§ **GIVEN RECORDS**:
• • • •
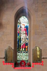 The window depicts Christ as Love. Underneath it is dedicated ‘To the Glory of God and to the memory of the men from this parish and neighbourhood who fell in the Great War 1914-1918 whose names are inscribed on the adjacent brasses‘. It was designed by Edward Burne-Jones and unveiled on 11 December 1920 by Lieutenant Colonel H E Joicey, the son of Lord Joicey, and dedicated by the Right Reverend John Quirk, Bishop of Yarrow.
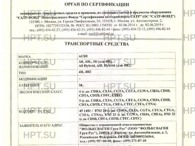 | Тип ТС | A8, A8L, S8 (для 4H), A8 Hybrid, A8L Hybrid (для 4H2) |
• • • •
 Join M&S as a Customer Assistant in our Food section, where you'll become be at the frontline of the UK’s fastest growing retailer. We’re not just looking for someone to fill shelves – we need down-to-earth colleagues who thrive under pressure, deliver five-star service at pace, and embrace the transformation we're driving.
• • • •
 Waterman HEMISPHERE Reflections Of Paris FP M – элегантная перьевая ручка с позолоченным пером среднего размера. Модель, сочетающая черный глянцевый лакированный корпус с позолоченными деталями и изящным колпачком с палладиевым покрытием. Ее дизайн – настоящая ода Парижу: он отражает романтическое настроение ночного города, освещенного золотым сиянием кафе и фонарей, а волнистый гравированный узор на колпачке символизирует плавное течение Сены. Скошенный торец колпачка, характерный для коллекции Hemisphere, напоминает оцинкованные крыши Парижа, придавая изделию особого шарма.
• • • •
§ **EXERCISE INSTRUCTIONS**:
From the material above, reproduce only what runs from the line holding "The window depicts" down to the line holding "(для 4H2) |", both included, pictures excluded.

§ **ANSWER FOR THIS EXERCISE**:
 The window depicts Christ as Love. Underneath it is dedicated ‘To the Glory of God and to the memory of the men from this parish and neighbourhood who fell in the Great War 1914-1918 whose names are inscribed on the adjacent brasses‘. It was designed by Edward Burne-Jones and unveiled on 11 December 1920 by Lieutenant Colonel H E Joicey, the son of Lord Joicey, and dedicated by the Right Reverend John Quirk, Bishop of Yarrow.
 | Тип ТС | A8, A8L, S8 (для 4H), A8 Hybrid, A8L Hybrid (для 4H2) |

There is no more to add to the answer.